In the year 1900, photographer Edward Curtis traveled from his home in Seattle to Montana to witness a Native American Sun Dance, which he and other members of the expedition believed would be the last event of its kind, ever. Anne Makepeace writes about the effect this had on the man in her book Edward Curtis: Coming to Light:
“If some Indians believed that the camera could capture one’s soul, at this Sun Dance in 1900 it was Curtis’s soul that was captured. This vision of a passing world would change Curtis’s life, uproot him from his home, and send him on an Odyssean journey that would consume him for the next 30 years.”

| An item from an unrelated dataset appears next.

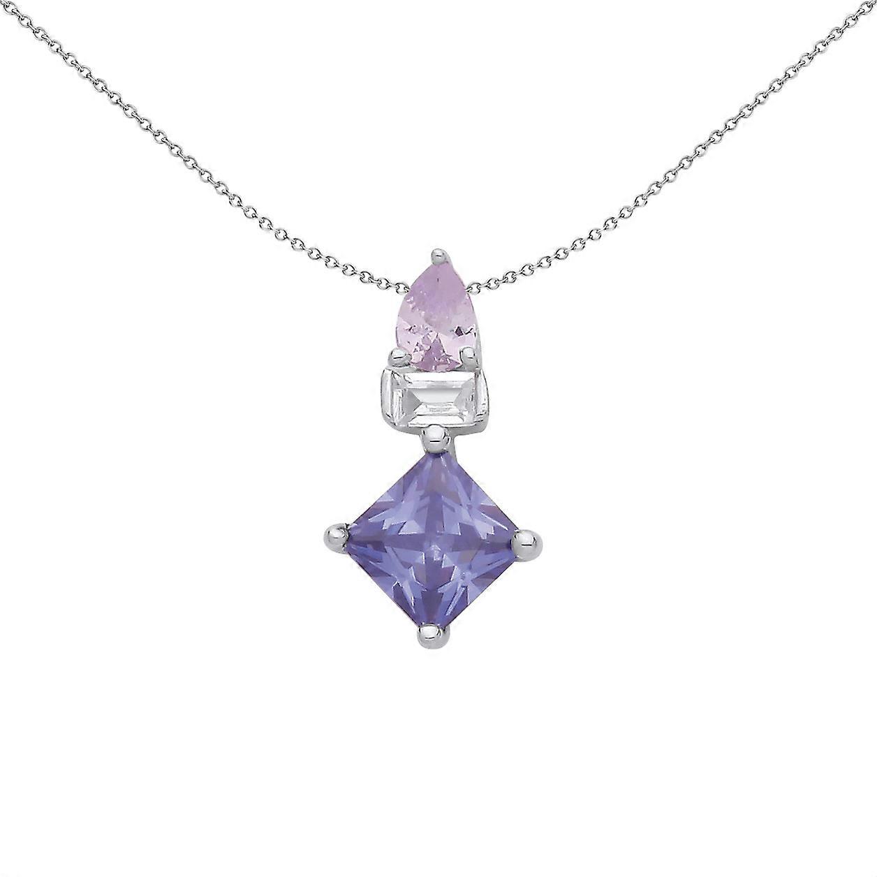 Jewelco London Sterling Silver Purple Lilac Princess Pear CZ Bishop Mitre Trilogy Toi et Moi Pendant Necklace 18 inch

I personally did not know the name Edward Curtis until quite recently when a colleague talked about a recently published biography of him, but some of his photographs were familiar to me. His haunting photographs of Native Americans around the country in the early twentieth century have become iconic. You can see many of them on display at the Minneapolis Central Branch of the Hennepin County Library from now through January 6th in an exhibit called “Beauty, Heart and Spirit: The Sacred Legacy® of Edward S. Curtis and the North American Indian.” Photographers take note of the November 15th event at which master printers discuss Curtis’s ahead-of-his-time printing techniques.
I have yet to see the exhibit myself, but I’ve been reading about Curtis’s life:
This photo of Chief Joseph (shown here from the children’s biography Shadow Catcher: The Life and Work of Edward Curtis) was the one that clicked with me:
While his work was not without controversy, it remains a significant legacy. I know I can’t read about the dedication and empathy that Curtis put into this project without thinking about what might capture my soul in such a way.